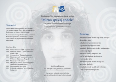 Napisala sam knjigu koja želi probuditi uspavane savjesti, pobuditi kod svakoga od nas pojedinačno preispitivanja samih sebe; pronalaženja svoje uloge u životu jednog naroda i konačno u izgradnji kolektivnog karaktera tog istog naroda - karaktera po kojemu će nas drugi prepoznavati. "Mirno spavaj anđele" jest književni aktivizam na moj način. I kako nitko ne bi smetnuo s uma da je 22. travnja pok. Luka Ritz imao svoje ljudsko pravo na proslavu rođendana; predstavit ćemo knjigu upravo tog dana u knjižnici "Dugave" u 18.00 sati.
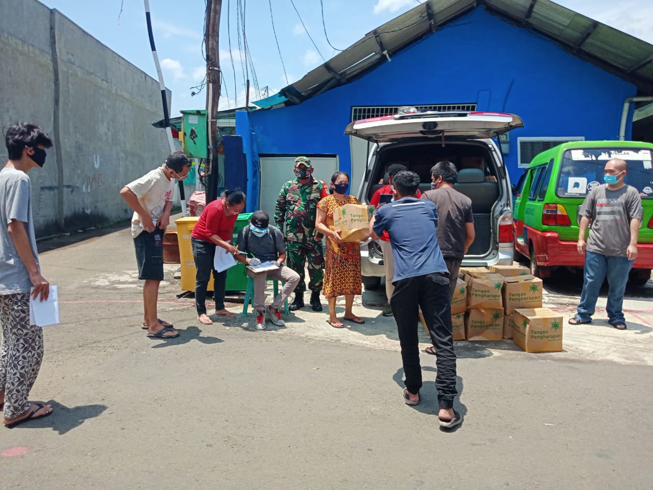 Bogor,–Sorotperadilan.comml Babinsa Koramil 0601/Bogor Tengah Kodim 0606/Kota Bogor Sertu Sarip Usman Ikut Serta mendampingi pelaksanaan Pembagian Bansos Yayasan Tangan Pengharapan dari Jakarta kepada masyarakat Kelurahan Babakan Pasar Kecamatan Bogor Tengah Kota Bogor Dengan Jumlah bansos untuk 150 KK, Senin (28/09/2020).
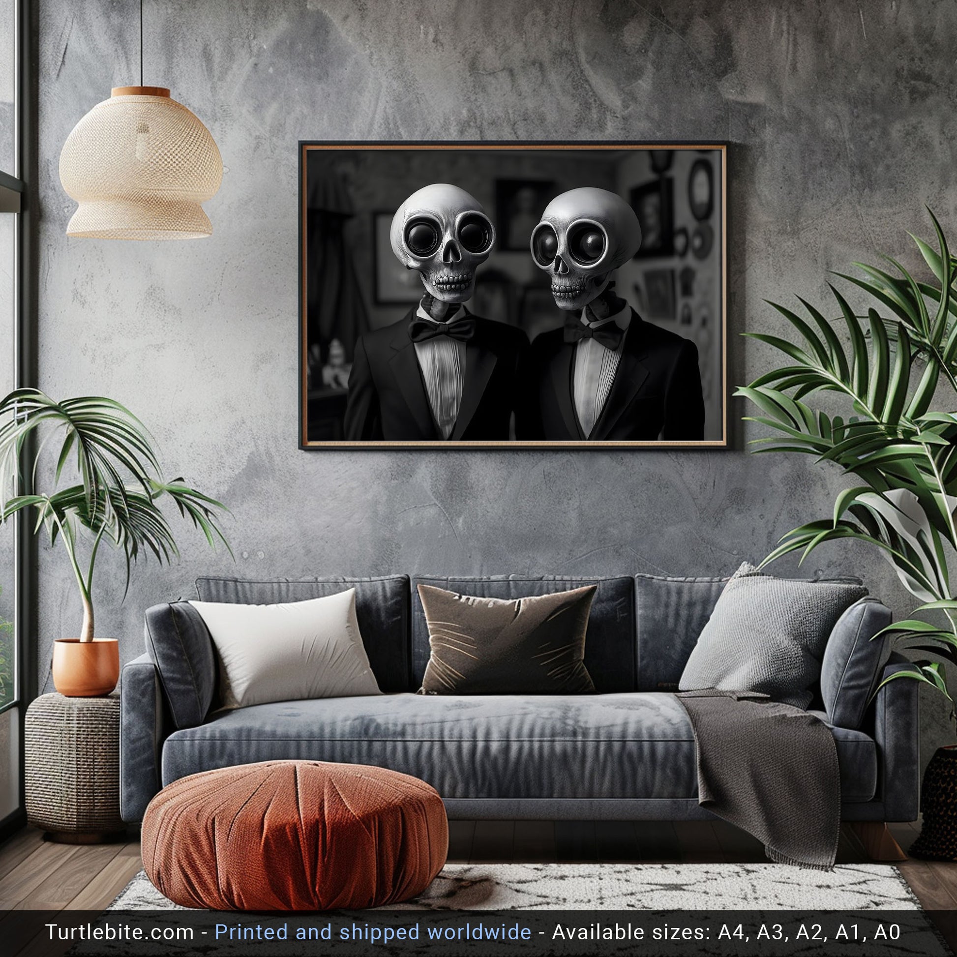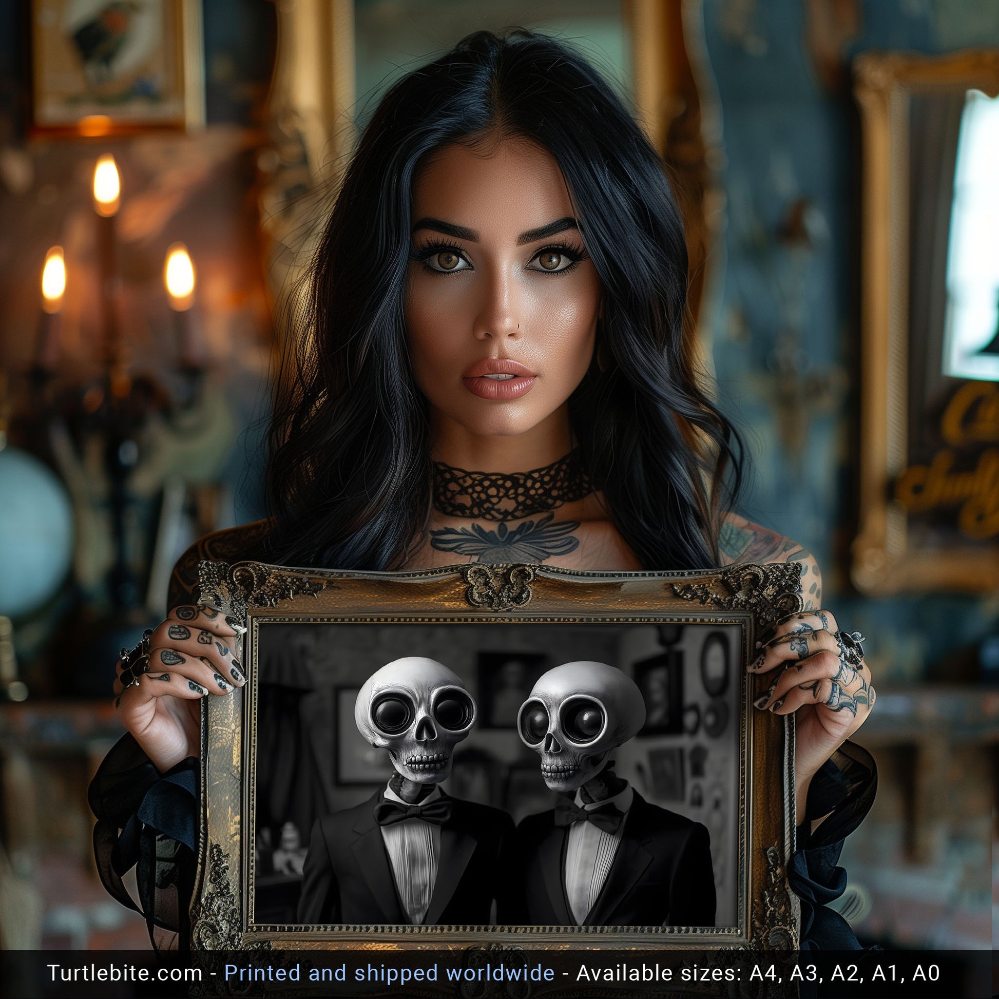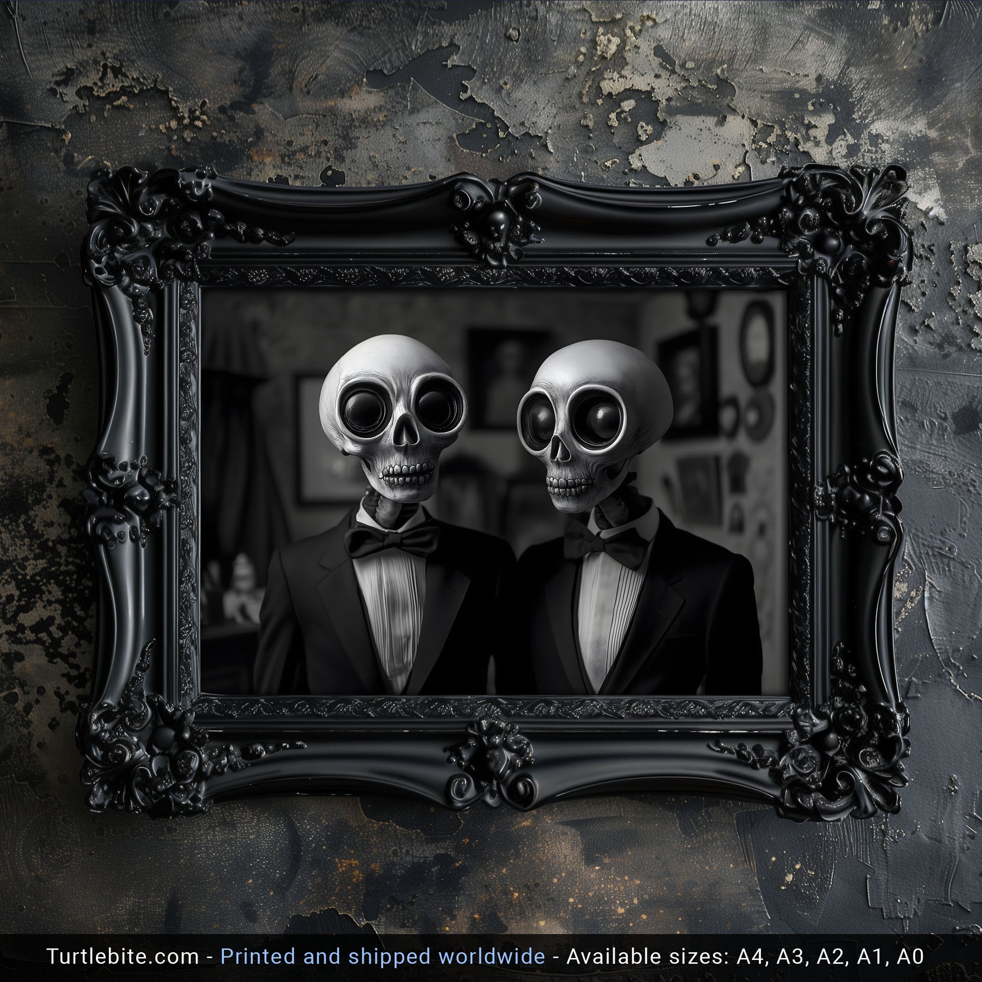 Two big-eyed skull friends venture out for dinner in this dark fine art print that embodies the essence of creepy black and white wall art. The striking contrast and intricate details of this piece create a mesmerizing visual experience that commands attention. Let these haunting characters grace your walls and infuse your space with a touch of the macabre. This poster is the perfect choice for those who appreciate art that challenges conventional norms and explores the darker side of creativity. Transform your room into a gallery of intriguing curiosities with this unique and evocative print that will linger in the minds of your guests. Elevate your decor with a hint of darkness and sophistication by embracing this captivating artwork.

================================

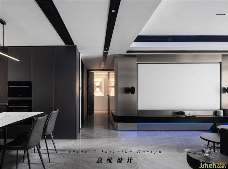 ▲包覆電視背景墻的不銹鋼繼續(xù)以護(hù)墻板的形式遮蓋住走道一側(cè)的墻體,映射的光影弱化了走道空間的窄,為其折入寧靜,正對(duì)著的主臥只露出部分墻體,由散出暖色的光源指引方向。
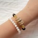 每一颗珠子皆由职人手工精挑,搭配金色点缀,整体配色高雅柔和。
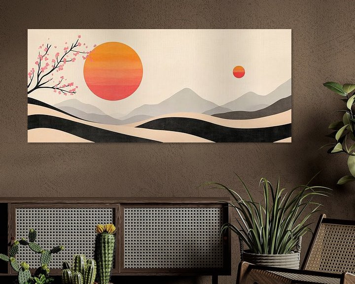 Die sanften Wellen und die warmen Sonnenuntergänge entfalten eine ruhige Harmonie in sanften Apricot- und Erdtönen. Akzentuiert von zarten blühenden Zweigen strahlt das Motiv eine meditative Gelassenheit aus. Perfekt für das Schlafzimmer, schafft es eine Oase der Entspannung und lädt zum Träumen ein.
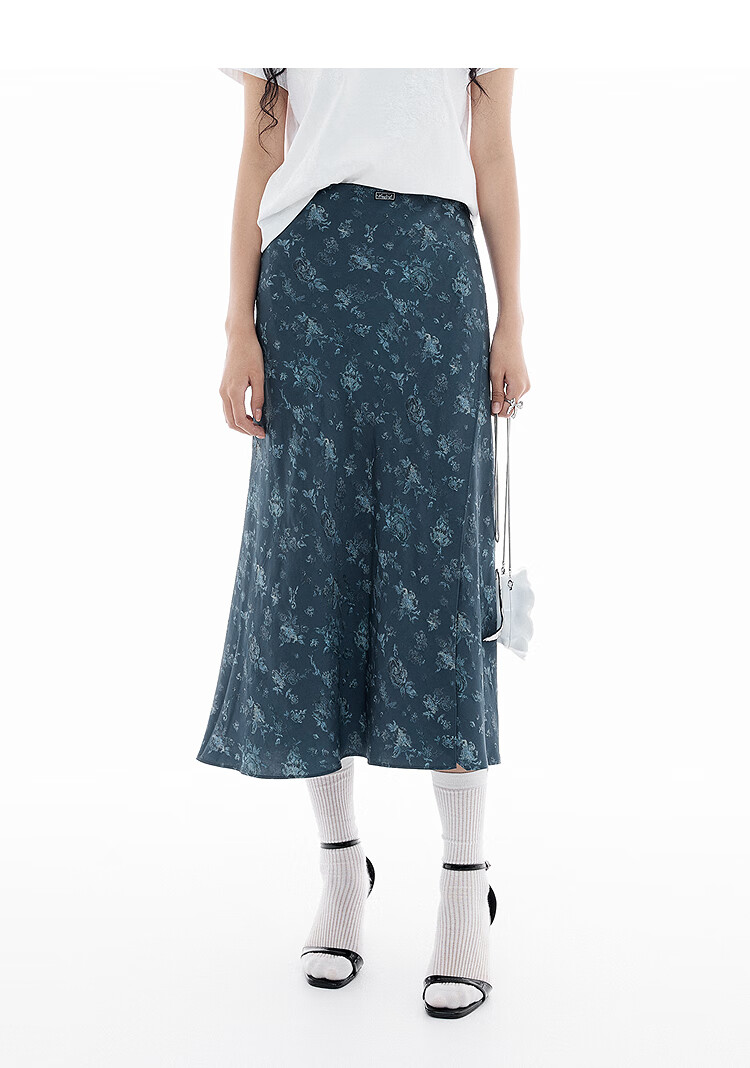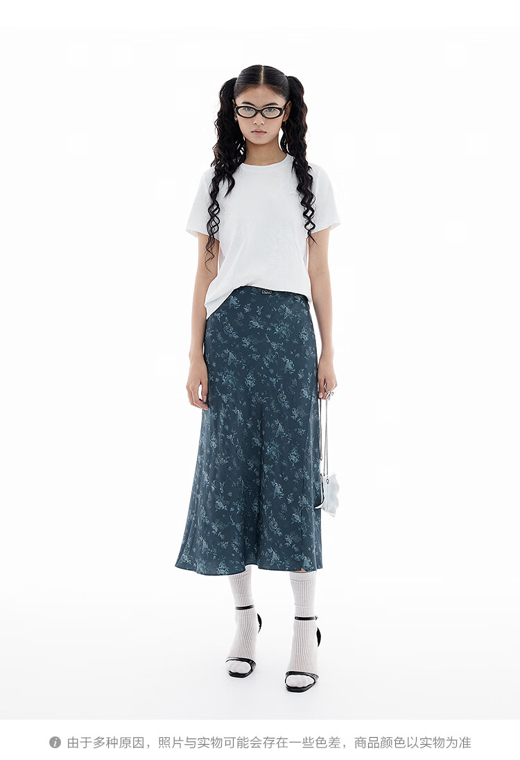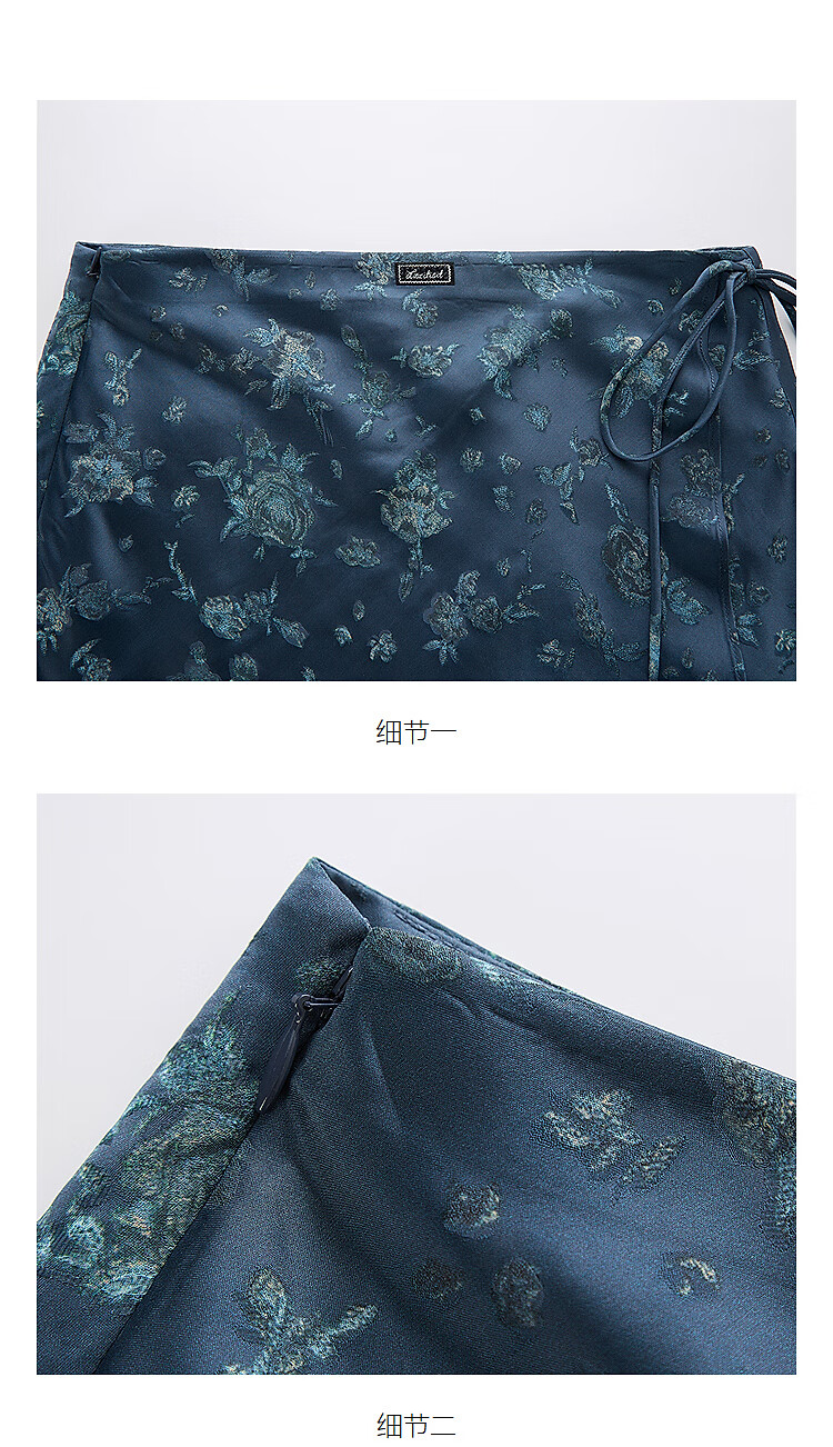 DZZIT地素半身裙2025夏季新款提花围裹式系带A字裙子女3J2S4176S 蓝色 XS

================================

WORK TASK:
Return exactly the lines of the material above, starting at the line containing "每一颗珠子皆由职人手工精挑,搭配金色点缀,整体配色高雅柔和。" and finishing at the line containing "DZZIT地素半身裙2025夏季新款提花围裹式系带A字裙子女3J2S4176S 蓝色 XS", without any pictures.

EXERCISE OUTPUT:
 每一颗珠子皆由职人手工精挑,搭配金色点缀,整体配色高雅柔和。
 Die sanften Wellen und die warmen Sonnenuntergänge entfalten eine ruhige Harmonie in sanften Apricot- und Erdtönen. Akzentuiert von zarten blühenden Zweigen strahlt das Motiv eine meditative Gelassenheit aus. Perfekt für das Schlafzimmer, schafft es eine Oase der Entspannung und lädt zum Träumen ein.
 DZZIT地素半身裙2025夏季新款提花围裹式系带A字裙子女3J2S4176S 蓝色 XS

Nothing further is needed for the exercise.